In a print book, the content is inseparable from the container, but ownership of the physical book is distinct from ownership of the content (the copyright). In the digital age, we have divorced content and container, creating the dilemma in which we find ourselves.
Okay, it's really no dilemma–stealing is stealing–but let's cut the browsing pirates some slack. Let's accept that subsequent purchase of a pirated book negates the initial piracy. Let's also accept that an unread pirated copy negates the piracy as well, since the content must be consumed (and not merely copied) for a theft to have occurred.
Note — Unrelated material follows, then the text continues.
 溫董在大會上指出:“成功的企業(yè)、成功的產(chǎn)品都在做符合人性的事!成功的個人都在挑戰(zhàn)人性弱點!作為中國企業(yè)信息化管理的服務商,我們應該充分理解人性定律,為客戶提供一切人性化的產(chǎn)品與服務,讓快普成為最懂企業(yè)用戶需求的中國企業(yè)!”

Here's one for the philosophers:
Joe has an exceptional speed-reading capability. He walks into a bookstore, picks up a short novel and burns through it in the same amount of time an average reader might merely browse it. He places the book back on the shelf and exits the store.
Is this an act of piracy? Has any kind of theft occurred?
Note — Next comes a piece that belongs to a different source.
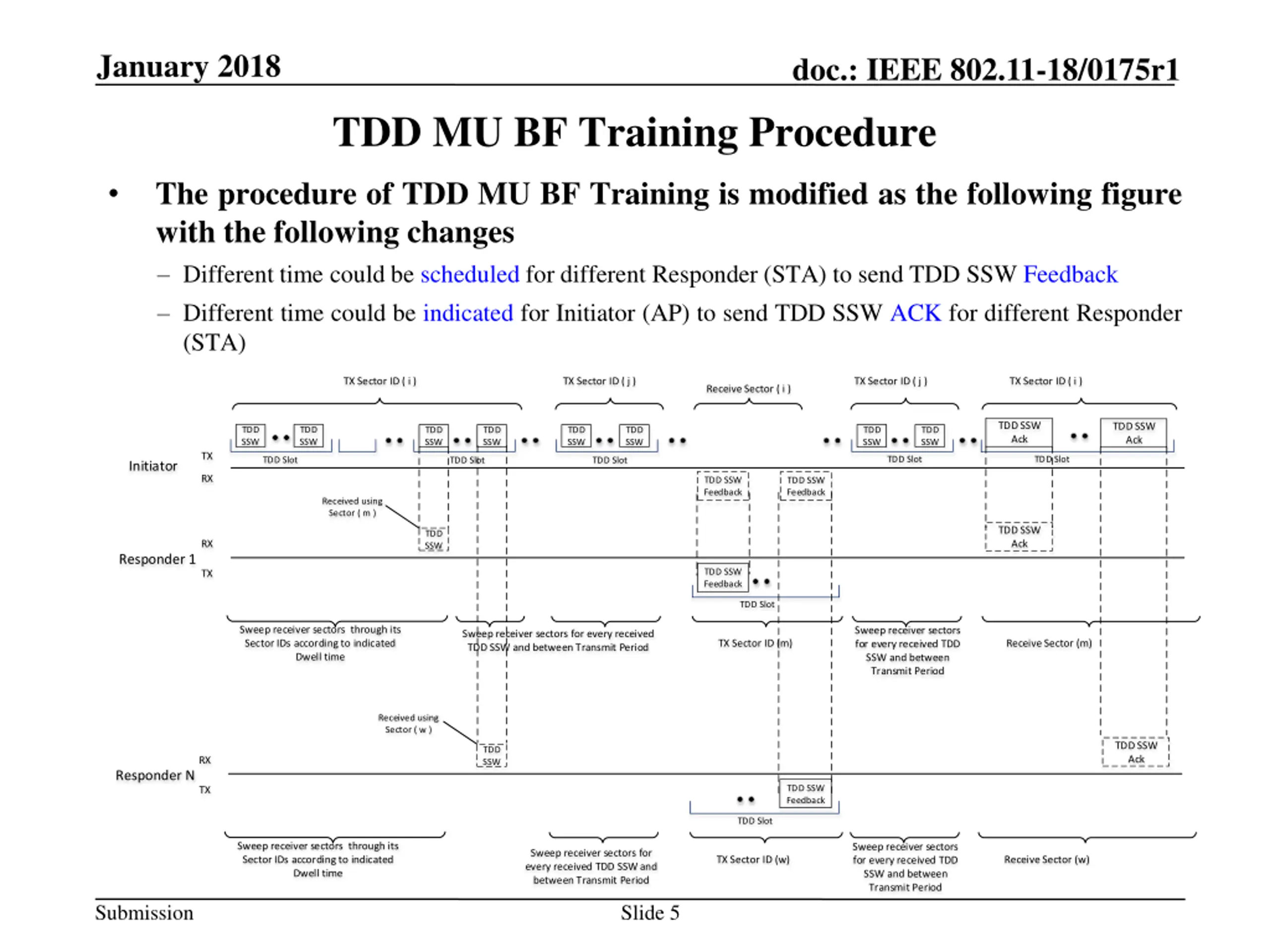 January 2018 doc.: IEEE 802.11-18/0175r1 Background and motivation Hence, we propose an approach to enhance the scheme in [1, 6], in order to solve the Repeating and low efficiency issue, by Adding another procedure for TDD MU BF Modifying the content of the following frames in the case of TDD MU BF TDD SSW frame Submission Slide 4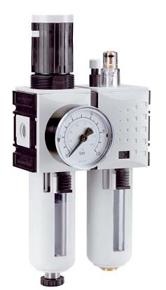 Úpravná jednotka G1" včetně manometru, max. průtok až 12000 l/min, manuální odpouštění kondenzátu.

Replay the same scenario, only this time in a library. What about then?
Nathan Bransford says
I think that's a good point about not depleting inventory, but the browsing-and-buying thing doesn't carry much weight for me at all. People here pirated THE LOST SYMBOL when legal excerpts were readily available.
And, as Ink said, I don't get to steal a car and then drive it back to the lot and buy it if I decide I like it and not pay for it if I don't. I just don't believe there are many people downloading illegal music for books and then subsequently finding in their hearts to go back and buy it legally. Maybe this is true of a few people who prefer to read in print and "test-drive" the pirated e-books, but especially when e-readers become more common I seriously fail to believe that people are going to delete an illegal e-book only to buy another one.
I also don't find licensing e-books particularly radical – when you go to the movies you're paying to watch something once. You don't get to go back again and again in perpetuity. And no one who bought a vinyl record demanded that they be able to migrate to cassettes and then to CDs for free.
E-books are going to necessarily have their own restrictions because the model is simply different.
Ryan Feld said –
I just don't like anything illegal. It goes against my own personal beliefs. And, until someone can prove that pirating is legal, I'm going to do everything I can to help stop it by filing as many abuse forms as I can… ….."
Ryan, if that's really your main issue I think I have a solution that would let us all get along. Join one of the activist groups working to loosen copyright restrictions and work to make this kind of downloading legal. Then you'd no longer have to feel obligated to try to get your fans busted. 🙂
Just a thought,
I won't argue with your view of the Muse. The underlying disagreement rests on what it means for something to be "real". This is a debate that has persisted for millenia and we are unlikely to resolve it in this forum. I will just say She is real to me, and SHe could be real to you if you would let Her.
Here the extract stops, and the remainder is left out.